Bahamas Missing Out On Heritage Tourism

Tuesday 30th, November 2010 / 09:49 Published by

NEW OPPORTUNITIES -- Dr. Davidson Hepburn, Bahamian statesman, pictured following his 2009 election as President of the General Conference of UNESCO with UNESCO Director-General Irina Bokova. Dr. Hepburn invites The Bahamas to join 193 countries and territories benefitting from UNESCO grants and technical assistance by becoming signatories to one or more of the organisation's conventions.

Dr. Davidson Hepburn, president of United Nations Educational, Scientific and Cultural Organisation (UNESCO),  invited fellow Bahamians to take advantage of what he called “a once in a lifetime opportunity” to tap into a burgeoning global industry known as heritage tourism. The invitation comes while Hepburn is currently at the helm of the international body awarding expertise and major funding to signatory countries in areas ranging from education to communications.

“The Bahamas should be at the forefront of heritage tourism, yet sadly we are not a signatory to the heritage convention,” he said. “This is more important than ever because recently introduced a site where you are able to click on links to UNESCO heritage sites. International travelers can book directly from those links, but to be listed as a recognised heritage site, you must be a signatory to the UNESCO heritage convention. So while we have fabulous heritage sites, they are not getting the exposure other lesser sites are because they are taking advantage of TripAdvisor’s recognition of the growing interest in heritage tourism while The Bahamas is not. The website is attracting huge attention.”

The cultural heritage travel niche is on the rise in various countries and can be a major contributor to an economy like The Bahamas’ which depends heavily on tourism for its revenue. By reviving and promoting historic culture as an important marketing tool to attract travelers with special interest in heritage and arts, the benefits can be significant. Heritage tourism, if promoted consistently and effectively, can help not only preserve the country’s heritage but also facilitate growth in The Bahamas’ primary industry, said Dr. Hepburn, who was elected president of the prestigious body in 2009 and has spent most of his time in Paris where it is headquartered. His comments came during a recent visit to Nassau.

The country, he said, is blessed with a rich heritage.

“The Bahamas has so many heritage sites, both tangible and intangible — the Blue Holes of Abaco and Andros, the world’s 3rd largest Great Barrier Reef, the Hermitage at Mt. Alvernia in Cat Island, the cultural heritage of Bahamian food, music, Junkanoo and yet we run the risk now of not only failing to benefit from financial grants and technical assistance but actually falling behind other countries who are benefitting from free advertising on by means of their participation in the international UNESCO arena of documented sites.”

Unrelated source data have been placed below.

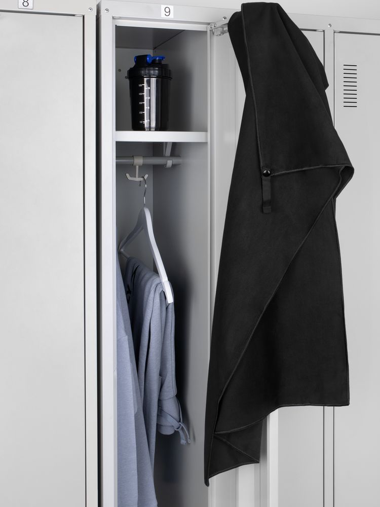 Полотенце упаковано в сумку-чехол из прочной ткани с плетением рипстоп и дышащим сетчатым верхом. Чехол также можно использовать в качестве несессера для косметических и купальных принадлежностей.
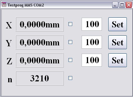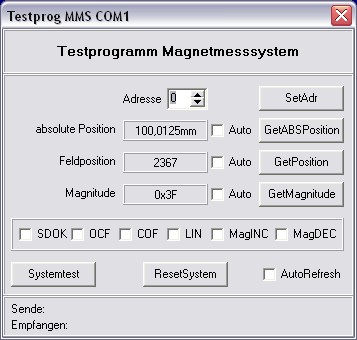 Damit können die Sensoren abgefragt und alle wichtigen Funktionen getestet werden. Zusätzlich kann mit diesem auch die Adresse eines Sensors gesetzt werden. Die verwendete Schnittstelle (COM1-COM4) und die Anzahl anzuzeigender Nachkommestellen werden in der mms.ini eingestellt.
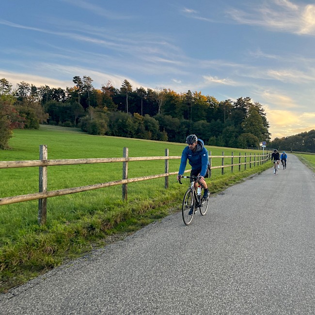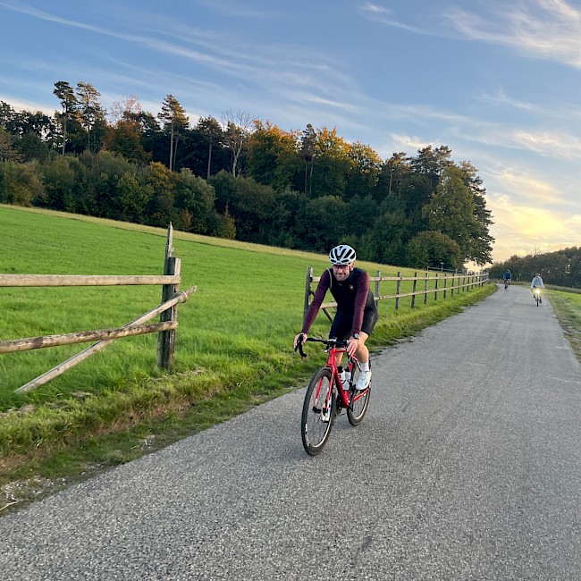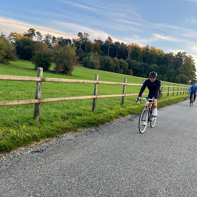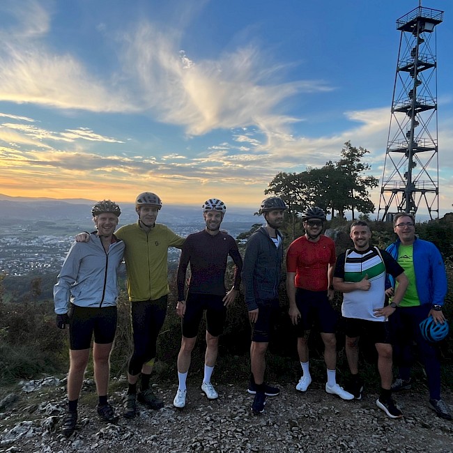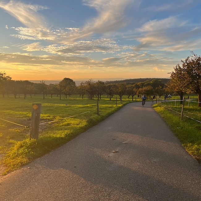 Am Dienstag, 07. Oktober 2025 fand die erste Saison des AEBO-Veloclubs ein gebührendes Ende. Mit einem 7-köpfigen Fahrerfeld - darunter Neumitglieder - wurde via Dreispitz, Arlesheim und Dornach der klassische Gempen-Anstieg mit insgesamt 500 Höhenmetern in Angriff genommen. Dank dem fulminanten Effort des Feldes blieb Zeit für einen Abstecher zur Schartenflue, wo Ausblick und Abendsonne uns rasch den Atem wiederfinden liess. Wagemutig ging es in rasanter Talfahrt Richtung Muttenz und weiter zum wohlverdienten Cordon-Bleu im Restaurant Auhafen.
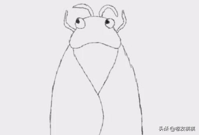 2、在这两只眼睛的基础上我们再画出蝉的头部。

The pleas for active participation in the world body came from the man who is perhaps the country’s most internationally-recognized statesman. Dr. Hepburn served for 15 years in the United Nations before becoming the first representative from the English-speaking Caribbean to hold the post of president of the general conference of UNESCO, a United Nations body charged with overseeing and assisting developments in education, culture, science, technology and communications.

At conferences and meetings nearly 200 signatory countries or territories were represented and applications for grant money were reviewed. The Bahamas, he said, was notable for its absence. Another opportunity presents itself in January in Barbados, but to date The Bahamas is not registered for the conference.

“I have tried to understand why and I simply cannot. Countries all over the world are fighting to be part of UNESCO, they are competing for expertise and grants. They are benefitting from being signatories to one or more of the four major conventions,” said Dr. Hepburn. “I was at a conference in Trinidad & Tobago recently where people were begging for The Bahamas to join the effort. It was the same thing in Brasilia. Over a 10-day period, we reviewed applications for funding or technical assistance from 193 countries or territories. Some of them had more than one application, but there was not a single one from The Bahamas.”

Still, Dr. Hepburn hopes his message urging participation will be heard.

“When I became president of UNESCO, I made a promise that my legacy would be to ensure that all small developing countries have a voice in UNESCO and genuine pride in their heritage,” he said. “While the government is good enough to support my tenancy as president of the general convention, something for which I am extremely grateful, I sincerely hope that The Bahamas will soon become a signatory to the UNESCO conventions and begin to reap the rewards that nearly 200 other countries are already enjoying.”